Перед отъездом из Москвы, зайдя в больницу проститься с Олей, он сказал ей, что хотел задержаться до ее выздоровления, но не разрешили в ЦК. Что его вызывал к телефону Сталин, он умолчал. Вырвавшиеся у Сталина слова Оля могла принять слишком близко к сердцу. «Вообще о них никому не скажу», — решил он тогда. Случай казался ему сугубо личным. Но иногда все же думалось: «Неужели Сталин забывает, что он обещал партии исправиться? Или берет себя в руки, да не всегда это ему удается?»

4

«Отто и Грегор (назовем их этими именами) давно собирались сводить нас в «Хофмансшенке», кабачок, в котором Гофман, по преданию, писал свои знаменитые «Сказки». Вчера там побывали — и чуть не нарвались на скандал. Повод подал я, — писал Костя, — сам того не желая.

Кабачок, с вывеской в готическом начертании, помещается в подвальном этаже. Окна запрятаны под тротуар, в глубоких нишах. Вход прямо с улицы по узкой, очень крутой лесенке вниз. В залах тесновато, мрачновато, освещение, кажется, нарочито тусклое, потолки сводчатые. Каменные стены утолщены этими сводами. Пахнет средневековьем.

В «Кабачке Гофмана» правило — вино заказывать обязательно, а к нему уже и что угодно другое. Мы вчетвером к двум бутылкам легкого виноградного вина взяли по бифштексу на брата и блюдо с фруктами.

За дубовый стол уселись довольно-таки тесно, всемером: кроме нас, четверых, еще родительская пара с дочкой «на выданье». Именины девушки, скромной и застенчивой, семья отмечала, по обычаю, на мой взгляд скучному, в ресторане.

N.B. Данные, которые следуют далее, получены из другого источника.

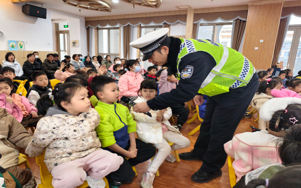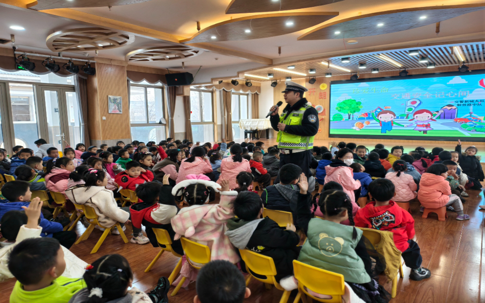2月14日,西安市新城区筑梦幼儿园开展“开学第一课”,邀请西安交警新城大队解放路中队民警,为孩子们带来“交警进校园,安全伴我行”的交通安全活动。民警通过视频讲解,现场互动等方式,让孩子们学习了更多的交通安全知识,提升了交通安全意识,帮助孩子们从小养成良好的交通行为习惯。
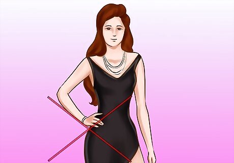Avoid looking too vampy or flirtatious on a first date. You don't really know each other well romantically yet and being suggestive or provocative on a first date is a definite no-no. Worst still, looking too vampy can cause your date to relegate you to the one-night date rather than treating you as a serious long-term prospect. There will be plenty more time to see more of you as the dates progress, and if the date doesn't work out, well then, he didn't deserve to see anything more! Clothing to avoid on a first date includes: Anything too low cut, low slung. If you wear a low-cut top, don't pair it with a short skirt, or vice versa. Instead, if you choose to wear a sexy piece of clothes, pair it with something casual. One slightly suggestive item of clothing is more than sufficient; don't ruin it by making an overall statement. Your butt sticking out of your jeans. He doesn't need to see your underwear yet, in any shape or form. A tummy roll over your jeans. Unpleasant and unlikely to garner further interest no matter how much you think it's your right to dress this way. Save it for non-date occasions. Short, figure-hugging clothing. The shorter it is, the less appropriate it is for a first date. If you wear a fitted top, balance it with a more relaxed bottom. Lace-up tops, bodices that evict your bust, anything see-through.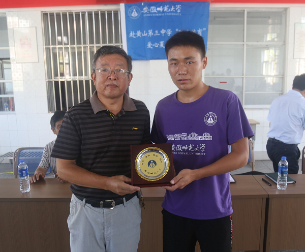 19日上午8时,赴黄山三中“阳光体育”爱心夏令营活动开营仪式在黄山三中会议室如期举行。首先,支教者代表陶娜发言,她承诺会以高度的热情,抱着服务的心态,尽快适应环境,投入实践,学以致用。之后,陈董事长赞扬了支教队不惧艰苦来支教的精神,对支教队赴黄山三中、仙源小学进行支教活动的行为表示肯定和感谢,他衷心祝愿本次支教圆满成功。继而,“阳光体育”支教队全体队员宣誓,支教队队员赵杨领誓。最后,在英国正版365官方网站建校90年之际,由队长杨文杰代表支教团队向陈董事长赠送师大周年纪念品,并亲切留影合念。饱含杨文杰队长深切情谊的赠礼仪式圆满结束之后,支教课堂拉开帷幕。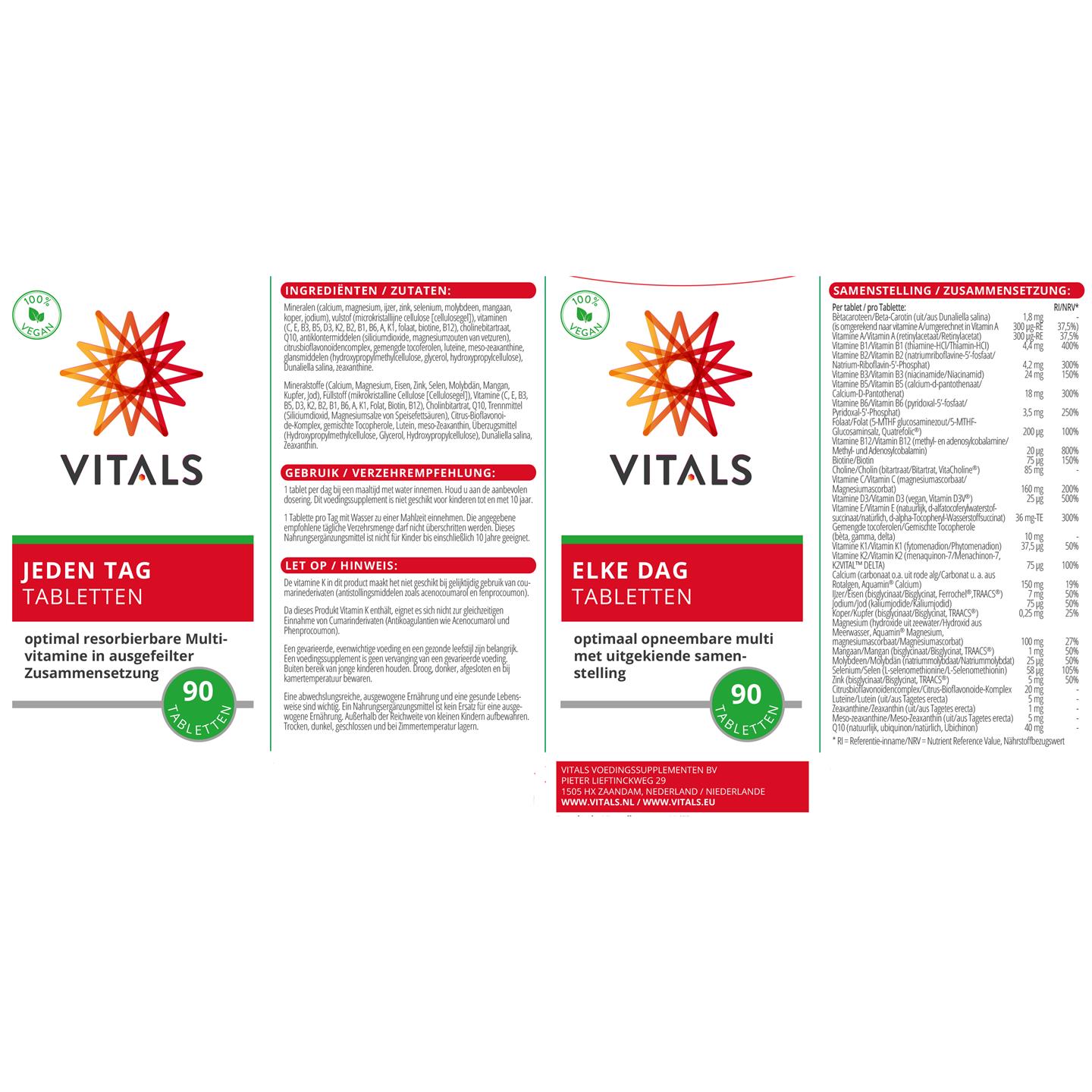 Mineralen (Calcium, Magnesium, IJzer, Zink, Selenium, Molybdeen, Mangaan, Koper, Jodium), Vulstof (Microkristallijne cellulose (cellulosegel)), Vitaminen (C, E, B3, B5, D3, K2, B2, B1, B6, A, K1, Folaat, Biotine, B12), Cholinebitartraat, Q10, Antiklontermiddelen (Siliciumdioxide, Magnesiumzouten van vetzuren), Citrusbioflavonoïdencomplex, Gemengde tocoferolen, Luteïne, Meso-zeaxanthine, Glansmiddelen (Hydroxypropylmethylcellulose, Glycerol, Hydroxypropylcellulose), Dunaliella salina, Zeaxanthine.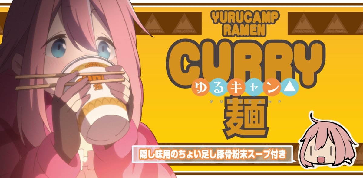 Você que assistiu o anime TV Yurucamp (Yurukyan△ ou Laid-Back Camp Δ), se lembra da cena acima que Rin ajuda a perdida Nadeshiko e lhe dá um ramen de curry e viu ela come-lo com tanto gosto? Pois é, agora os fãs poderão viver este momento com os macarrões instantâneos de curry inspirados no anime.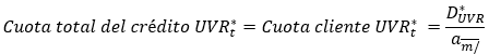 5.2.4. Cuota Total del crédito UVR*t = Cuota_Cliente UVR*t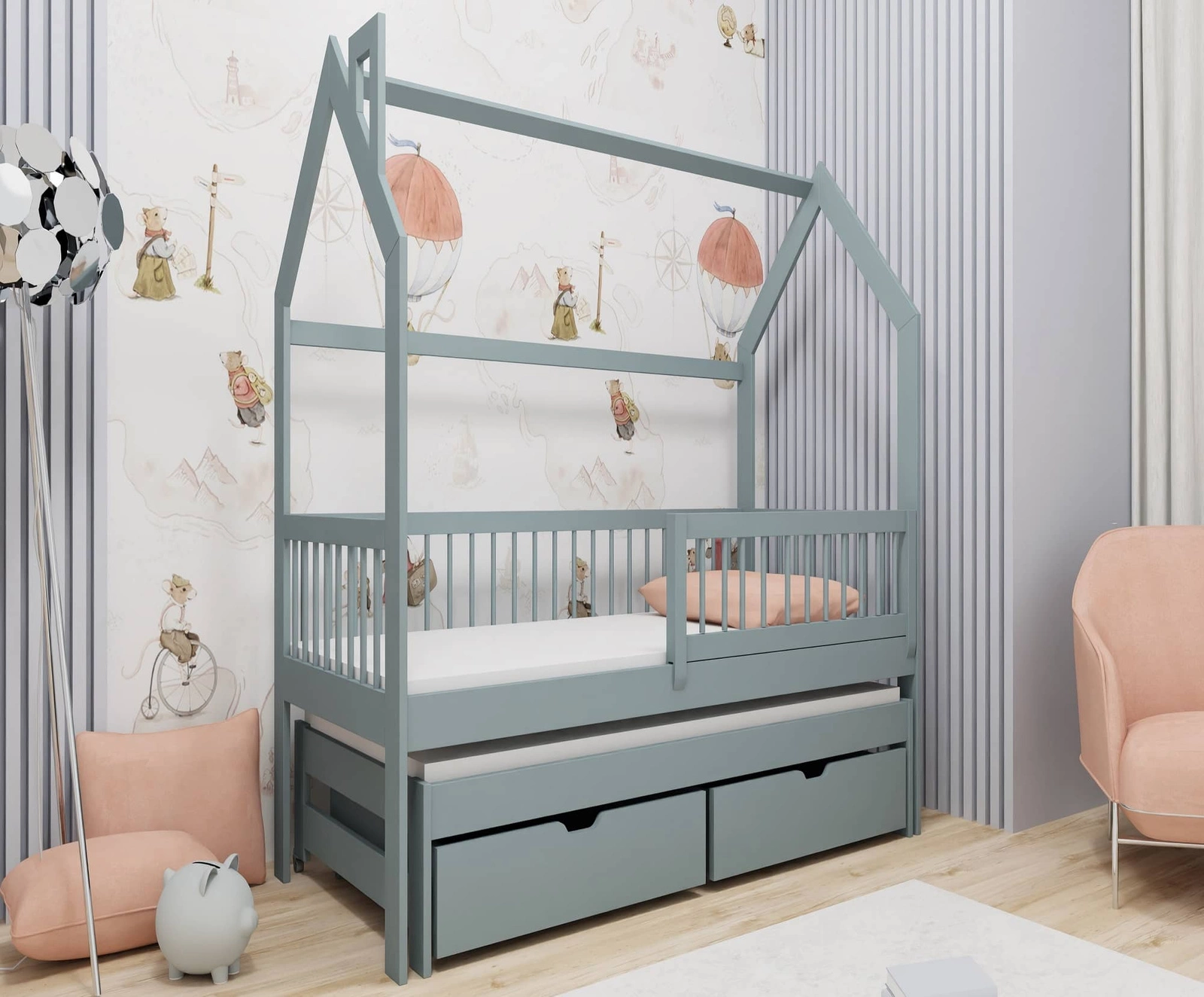 Łóżka piętrowe domek to doskonała opcja do pokoju dziecięcego. Solidna konstrukcja łóżka zapewnia komfort oraz bezpieczeństwo podczas snu oraz zabawy. Łóżka dla dzieci Dyzio wykonane są z litego drewna sosnowego pomalowanego na szaro, które charakteryzuje dużą wytrzymałością i jest odporne na czynniki zewnętrzneWysuwane łóżko jest wyposażone w dwa kółeczka, które ułatwiają wyciąganie. Sprawdzony system łączenia za pomocą kołków drewnianych i śrub konfirmatowych zapewniają dużą stabilność całej konstrukcji.

В нашем зале стояли еще два стола, за одним ужинала компания пожилых актеров (профессию установили наши немцы, по внешнему виду и репликам), а за другим четверо пижонов в крикливо-модных пиджаках и ярких галстуках и с ними две девицы, на которых было противно смотреть, до чего они раскрашены.

— Фашисты, — шепнул мне про пижонов Грегор.

Особенностью кабачка служит еще один обычай: «Здесь все знакомы!» Такое объявление висит на стене.

Сначала все шло тихо и мирно.

На миг умолкли разговоры. Уста жуют. Со всех сторон Гремят тарелки и приборы, Да рюмок раздается звон.

Потом, тоже как у Лариных:

Но скоро гости понемногу Подъемлют общую тревогу: Никто не слушает, кричат…

Наконец в соседнем зале, отделенном от нашего аркой, раздается песня. Нельзя сказать, чтобы очень благозвучная, зато исполняемая навеселе. Наши немцы упрашивают меня спеть что-нибудь из русских песен и уверяют,

что меня кабачок будет слушать с удовольствием. Я поупрямился, потом мне вдруг самому захотелось спеть «Ноченьку». Певцы из соседнего зала мне аплодируют и просят: «Громче!»

Хлопают и наши актеры. А золотая молодежь за соседним столом, вместо аплодисментов, вдруг поднимается на ноги, со своими дамами, и громко запевает «Дейтшлянд юбер аллес». Нашей мирной «Ноченьке» противопоставлен воинственный, упраздненный революцией 1918 года императорский гимн Гогенцоллернов «Германия превыше всего»!

Смотрим — наше благочестивое семейство, с дочкой на выданье, встает и выслушивает заштатный имперский гимн от первой строфы до последней стоя. Мы сидим, актеры тоже, переглядываемся. Сидит и публика за аркой.

Фашисты спели, садятся. После короткого общего молчания сдержанно возобновляются разговоры. Немецкую речь мы с Сандриком разбираем уже свободно. Слушаем…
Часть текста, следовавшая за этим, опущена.